_PROBLEM DETAILS:_ Copy exactly the lines of the data below, beginning with the line with "写真：高所作業車を使った点検作業" and ending with the line with "En las fotos: iglesia". Pictures are to be omitted.

_RECORD SET:_
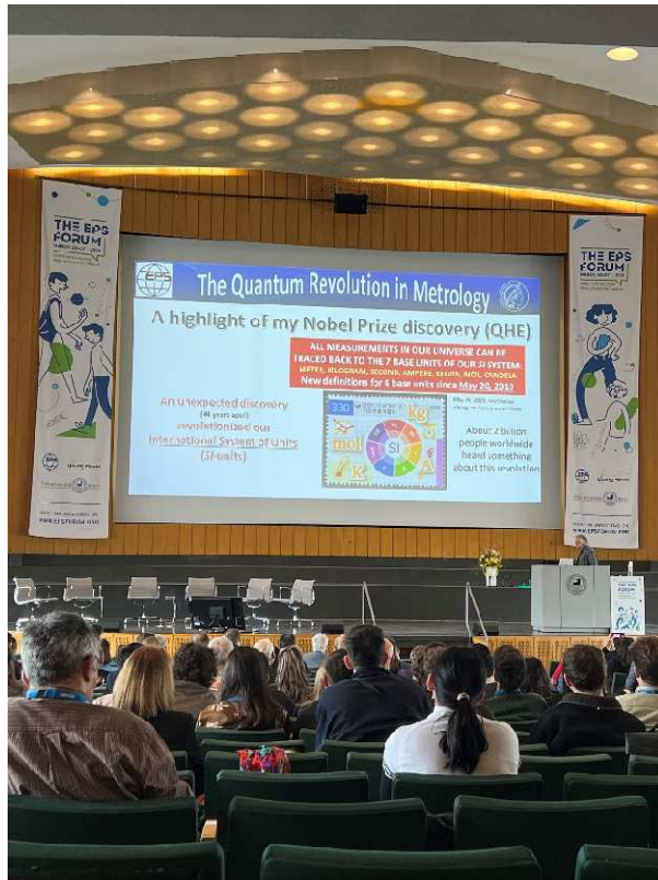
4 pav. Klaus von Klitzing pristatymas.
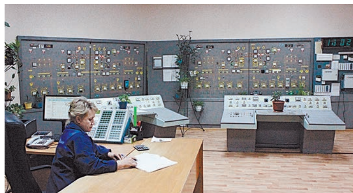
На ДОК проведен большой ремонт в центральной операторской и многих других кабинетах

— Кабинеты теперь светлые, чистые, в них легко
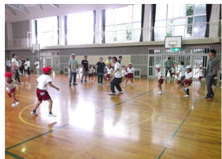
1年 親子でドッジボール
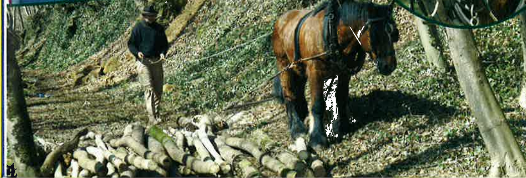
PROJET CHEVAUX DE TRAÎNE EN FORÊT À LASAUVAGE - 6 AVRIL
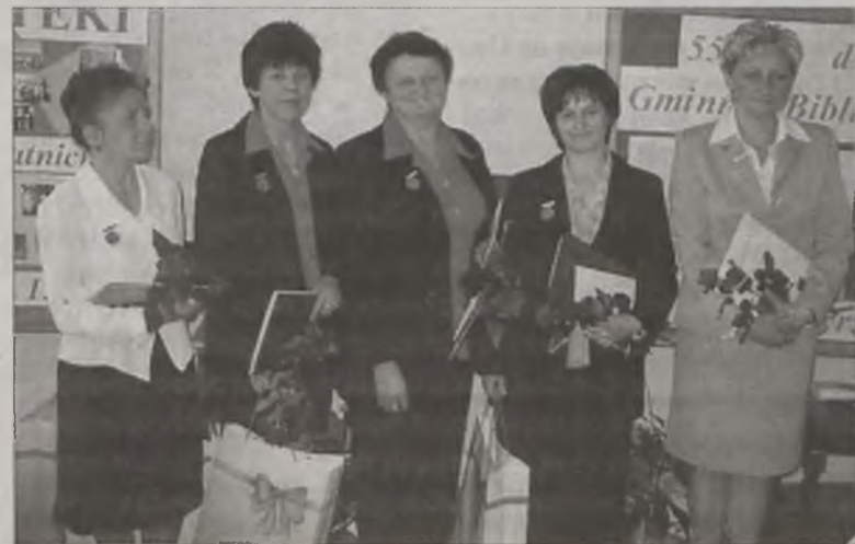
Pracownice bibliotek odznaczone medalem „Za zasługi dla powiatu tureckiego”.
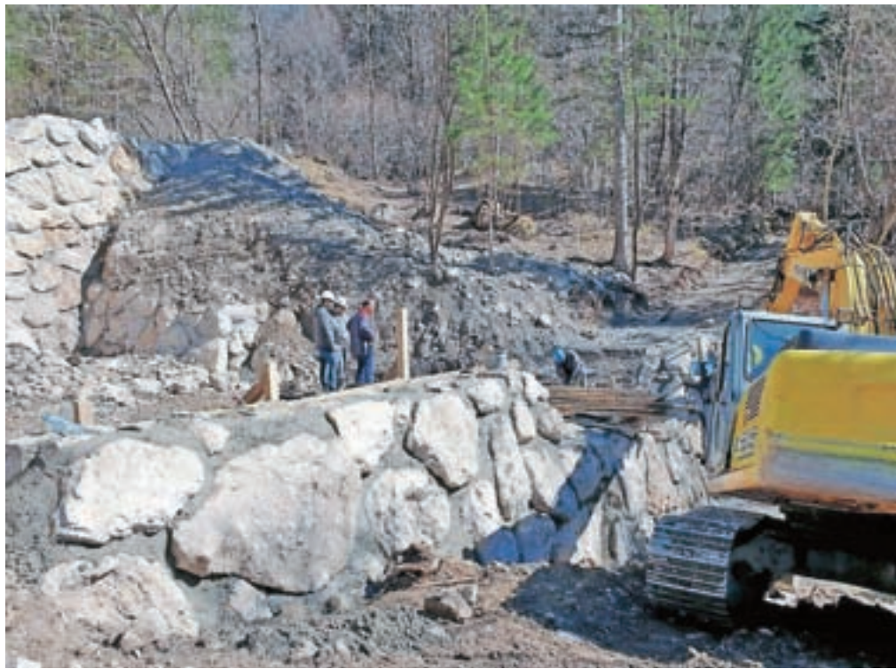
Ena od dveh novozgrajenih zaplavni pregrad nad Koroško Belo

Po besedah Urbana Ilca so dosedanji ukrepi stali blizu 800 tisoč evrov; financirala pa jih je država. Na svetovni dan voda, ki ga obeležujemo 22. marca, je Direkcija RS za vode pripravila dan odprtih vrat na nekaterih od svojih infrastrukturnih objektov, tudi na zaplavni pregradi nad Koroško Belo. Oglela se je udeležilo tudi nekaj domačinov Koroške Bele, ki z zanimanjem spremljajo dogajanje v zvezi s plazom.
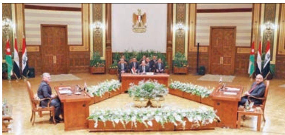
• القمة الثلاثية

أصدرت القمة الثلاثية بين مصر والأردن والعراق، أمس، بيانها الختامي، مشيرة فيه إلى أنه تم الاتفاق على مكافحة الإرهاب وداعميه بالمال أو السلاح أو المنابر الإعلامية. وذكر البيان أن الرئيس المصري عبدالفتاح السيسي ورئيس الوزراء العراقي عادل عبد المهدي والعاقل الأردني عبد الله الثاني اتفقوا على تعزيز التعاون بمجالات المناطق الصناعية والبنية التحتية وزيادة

...

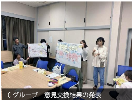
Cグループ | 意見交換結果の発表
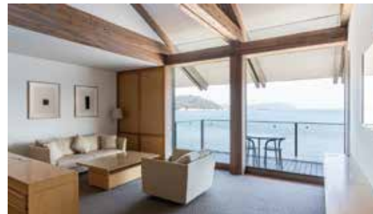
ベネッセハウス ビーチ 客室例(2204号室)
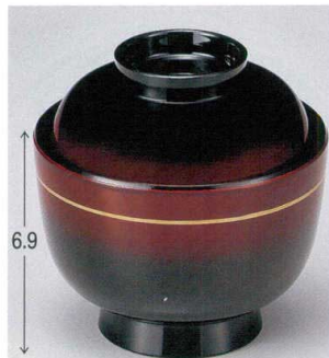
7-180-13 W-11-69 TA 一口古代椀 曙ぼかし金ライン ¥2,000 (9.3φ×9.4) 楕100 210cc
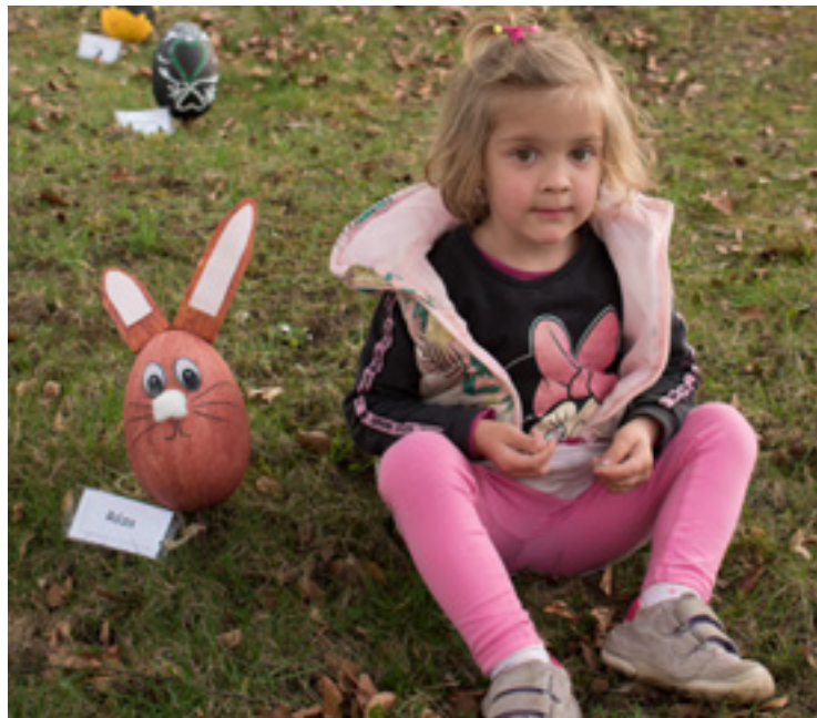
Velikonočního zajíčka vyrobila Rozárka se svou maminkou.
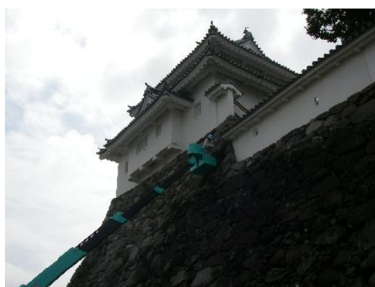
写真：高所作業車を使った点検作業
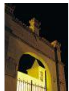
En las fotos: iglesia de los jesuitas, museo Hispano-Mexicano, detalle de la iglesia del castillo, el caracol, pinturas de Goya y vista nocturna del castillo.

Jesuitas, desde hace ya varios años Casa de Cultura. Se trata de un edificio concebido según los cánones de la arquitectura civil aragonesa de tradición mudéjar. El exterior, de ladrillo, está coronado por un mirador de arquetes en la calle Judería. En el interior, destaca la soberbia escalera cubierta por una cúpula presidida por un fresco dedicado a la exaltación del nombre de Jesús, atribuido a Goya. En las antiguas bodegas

_TASK RESPONSE:_
写真：高所作業車を使った点検作業
En las fotos: iglesia de los jesuitas, museo Hispano-Mexicano, detalle de la iglesia del castillo, el caracol, pinturas de Goya y vista nocturna del castillo.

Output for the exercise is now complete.